● Records provided
----

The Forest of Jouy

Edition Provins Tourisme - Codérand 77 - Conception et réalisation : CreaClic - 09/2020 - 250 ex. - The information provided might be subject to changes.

----

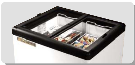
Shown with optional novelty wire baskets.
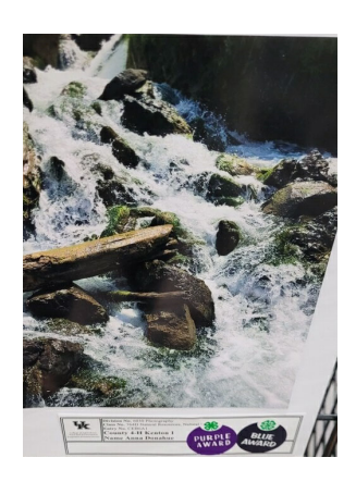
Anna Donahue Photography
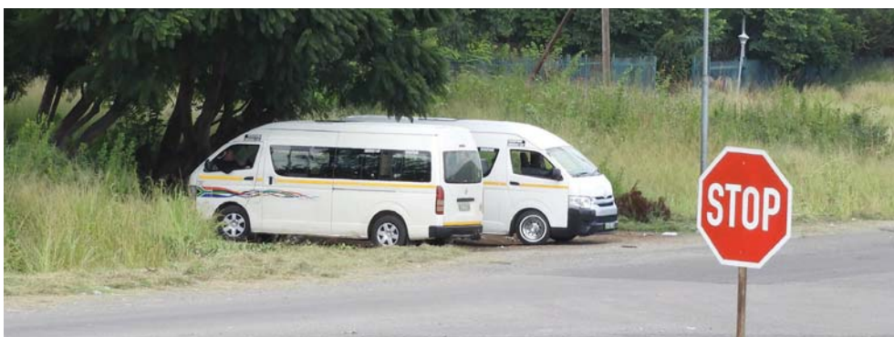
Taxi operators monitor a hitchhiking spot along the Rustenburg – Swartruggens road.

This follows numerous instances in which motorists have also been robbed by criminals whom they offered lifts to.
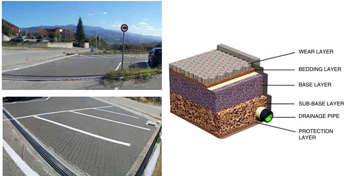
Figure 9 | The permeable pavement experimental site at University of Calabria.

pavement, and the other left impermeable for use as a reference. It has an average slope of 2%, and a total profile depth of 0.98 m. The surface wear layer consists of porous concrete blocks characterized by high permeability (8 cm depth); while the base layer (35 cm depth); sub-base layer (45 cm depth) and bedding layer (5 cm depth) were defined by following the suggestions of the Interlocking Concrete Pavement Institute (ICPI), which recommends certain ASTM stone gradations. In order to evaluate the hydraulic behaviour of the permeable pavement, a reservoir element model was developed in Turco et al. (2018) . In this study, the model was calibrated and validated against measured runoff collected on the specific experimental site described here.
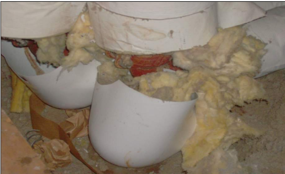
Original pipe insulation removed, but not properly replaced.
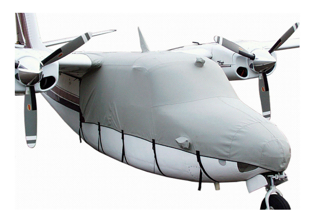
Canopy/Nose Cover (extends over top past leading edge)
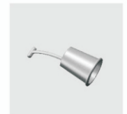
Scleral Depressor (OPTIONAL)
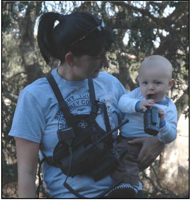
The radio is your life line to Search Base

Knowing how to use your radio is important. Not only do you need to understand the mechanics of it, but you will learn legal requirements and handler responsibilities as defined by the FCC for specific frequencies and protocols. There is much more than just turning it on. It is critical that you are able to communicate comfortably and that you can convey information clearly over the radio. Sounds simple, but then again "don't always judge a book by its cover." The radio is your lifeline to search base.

----

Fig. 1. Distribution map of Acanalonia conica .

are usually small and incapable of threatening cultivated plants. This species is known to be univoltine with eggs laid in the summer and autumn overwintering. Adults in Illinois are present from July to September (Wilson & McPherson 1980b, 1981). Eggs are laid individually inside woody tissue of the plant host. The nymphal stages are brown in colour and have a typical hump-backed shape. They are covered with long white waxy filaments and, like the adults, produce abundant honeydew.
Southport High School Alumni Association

----

● Exercise directions
From the line holding "Shown with optional novelty wire baskets." to the line holding "Figure 9 | The", both included, retype the entries above exactly and drop the pictures.

● Written answer
Shown with optional novelty wire baskets.
Anna Donahue Photography
Taxi operators monitor a hitchhiking spot along the Rustenburg – Swartruggens road.

This follows numerous instances in which motorists have also been robbed by criminals whom they offered lifts to.
Figure 9 | The permeable pavement experimental site at University of Calabria.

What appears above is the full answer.